Despite what you may have been led to believe, absence of evidence is indeed evidence of absence.

More details here: https://www.lesswrong.com/posts/mnS2WYLCGJP2kQkRn/absence-of...

Not the same thing as little green men.

We have data involving a significant fraction of humanity and we didn't find a link. Cell phone aren't rare and cancer isn't rare. It means we have a very good statistical model. Cell phones have been widespread for 20 years now, which is less than we might want but still not bad. Furthermore, fundamental physics go against the idea that cell phones cause cancer. We have more or less proved that cell phones don't cause enough cancer to matter.
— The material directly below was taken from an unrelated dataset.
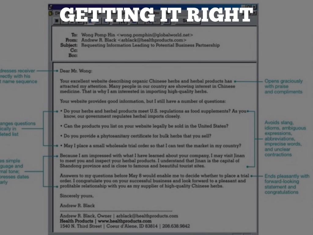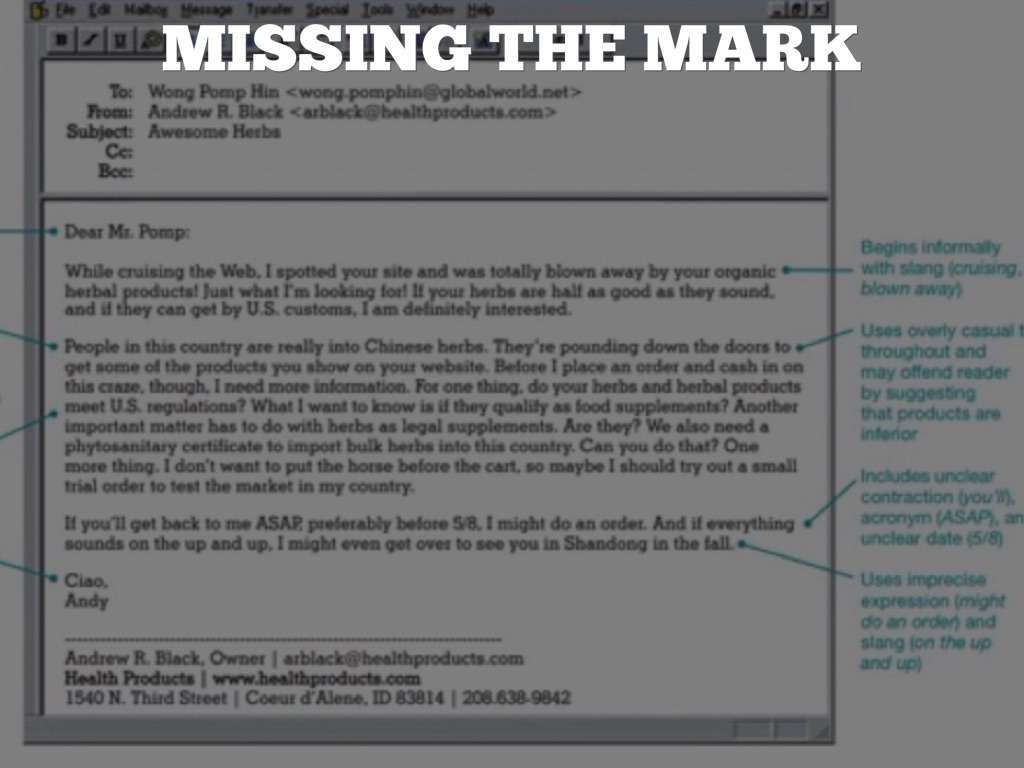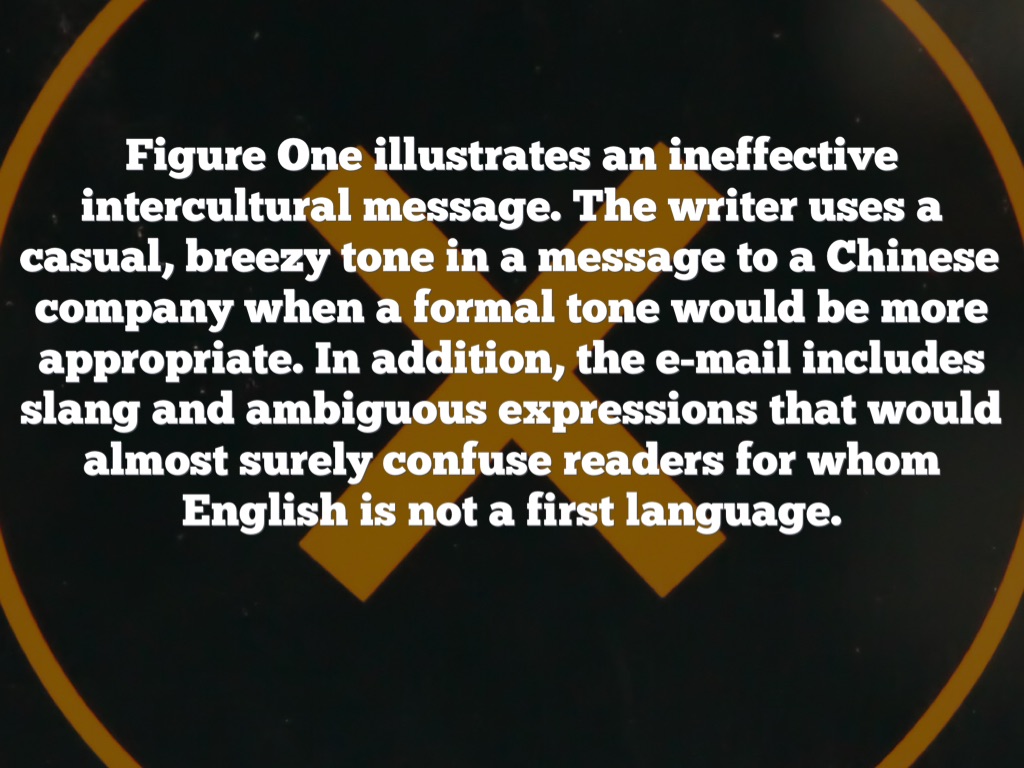 Figure One illustrates an ineffective intercultural message. The writer uses a casual, breezy tone in a message to a Chinese company when a formal tone would be more appropriate. In addition, the e-mail includes slang and ambiguous expressions that would almost surely confuse readers for whom English is not a first language.

For little green men, we can only search the tiniest fraction of space, and we have only a single data point: us. The only vaguely statical model we have come from the Drake equation, and it has more holes than Swiss cheese. It would be laughed off by the scientific community if it wasn't so exciting.

> Cell phone aren't rare and cancer isn't rare. It means we have a very good statistical model. Cell phones have been widespread for 20 years now

Uh-huh, and cancer rates are absolutely skyrocketing, soon to be 50% of the population.

Why is that?

> fundamental physics go against the idea that cell phones cause cancer. We have more or less proved that cell phones don't cause enough cancer to matter.

You're missing my point. You should have said "fundamental physics, as we understand it today, can't explain how or why cell phones cause cancer, but there could be stuff we don't understand"

Have a good look at history and look at all the times we didn't understand stuff that we were doing, but we were pretty damn sure we did.

Cancer rates are skyrocketing, and it is a good thing, because it means we are not dying from something else first.

As we eliminate causes of death, others raise naturally. Right now, in the first word, we are at about 1/3 heart disease, 1/3 cancer, 1/3 others. If we get to 50% cancer, I guess all we can do is blame cardiologists for doing a good job ;)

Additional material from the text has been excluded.